Raw data:
Segment Open

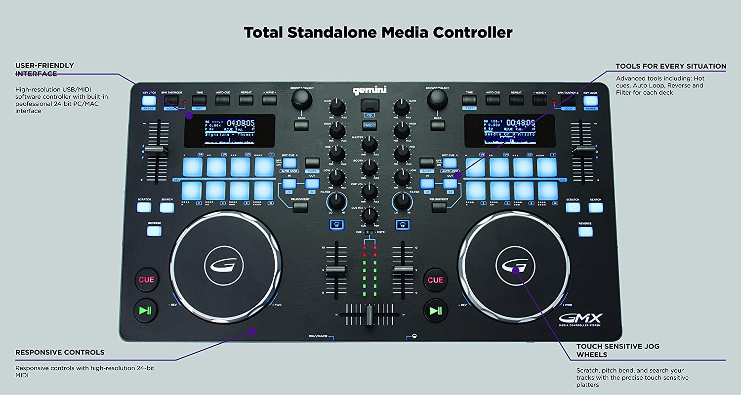 The GMX Media Controller System from Gemini is the perfect addition to any DJ set up. If you want easy portability with the functionality of a full controller, the GMX was built for you. This multi-format media controller suits any DJ who wants to live free from the ball-and-chain of a laptop. DJs of every experience level will experience fantastic playback from a single USB drive or laptop hosting Virtual DJ or another software application. See your music come to life with the GMX system when MP3 and WAV files light up on the unit's high-contrast screens with adjustable waveform displays making beat-matching a breeze. The inclusion of Variable Pitch Control, Master Tempo Control and BPM Lock you can match keys, tempos and mix without restraint. The GMX media player features 8 large performance pads on each deck and comfortable, expertly-designed touch-sensitive jog wheels serve you an intuitive layout and complete control over playback.
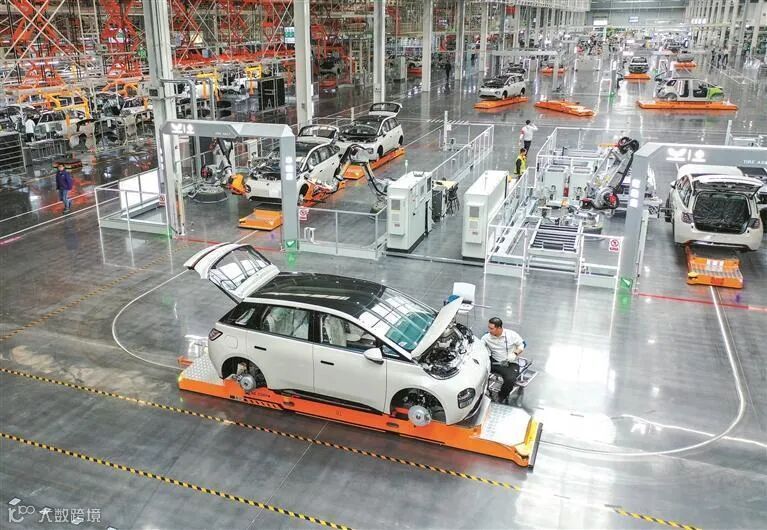 记者在工厂内看到,一辆辆待组装的新能源汽车“踩”着滑板车,穿梭在一个个“岛”之间,从开始组装到驶出生产线,每一步的零部件组装都由机器人完成。
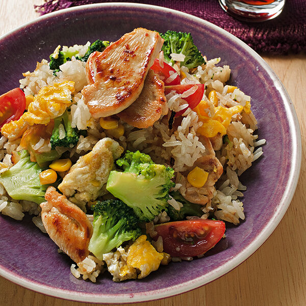 Der farbenfrohe Bratreis macht schon beim Hinschauen Appetit. Mit buntem Gemüse, zartem Hähnchenfleisch und Soja-Rührei ist für jeden Geschmack etwas dabei.
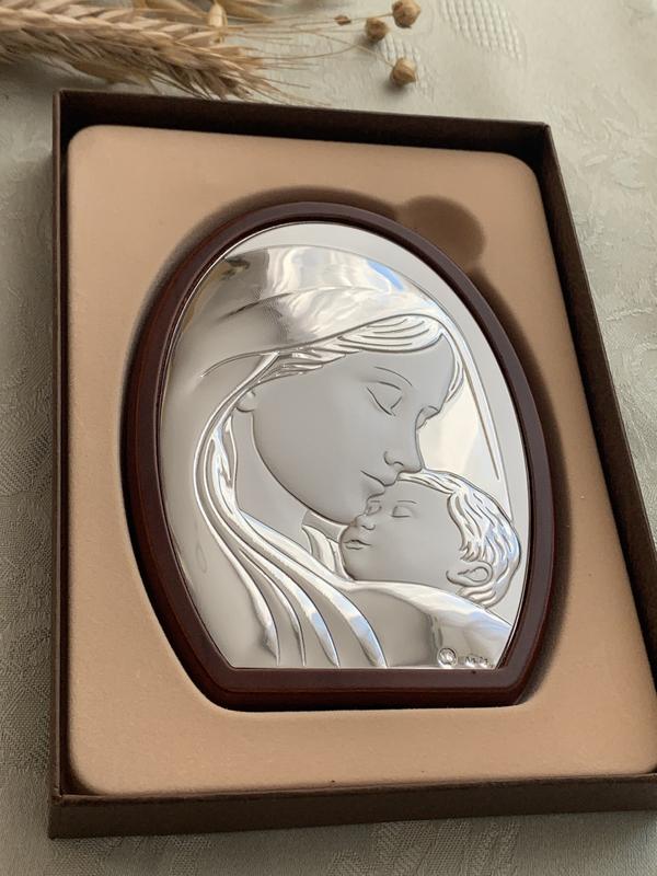 Срібні значок на дереві Богородиця з немовлям. На цій прекрасній іконі

Segment Closed

Your task: Your copy should hold exactly the lines from the one that contains "记者在工厂内看到,一辆辆待组" through the final line of the data, both ends included, and no pictures.

Result below:
 记者在工厂内看到,一辆辆待组装的新能源汽车“踩”着滑板车,穿梭在一个个“岛”之间,从开始组装到驶出生产线,每一步的零部件组装都由机器人完成。
 Der farbenfrohe Bratreis macht schon beim Hinschauen Appetit. Mit buntem Gemüse, zartem Hähnchenfleisch und Soja-Rührei ist für jeden Geschmack etwas dabei.
 Срібні значок на дереві Богородиця з немовлям. На цій прекрасній іконі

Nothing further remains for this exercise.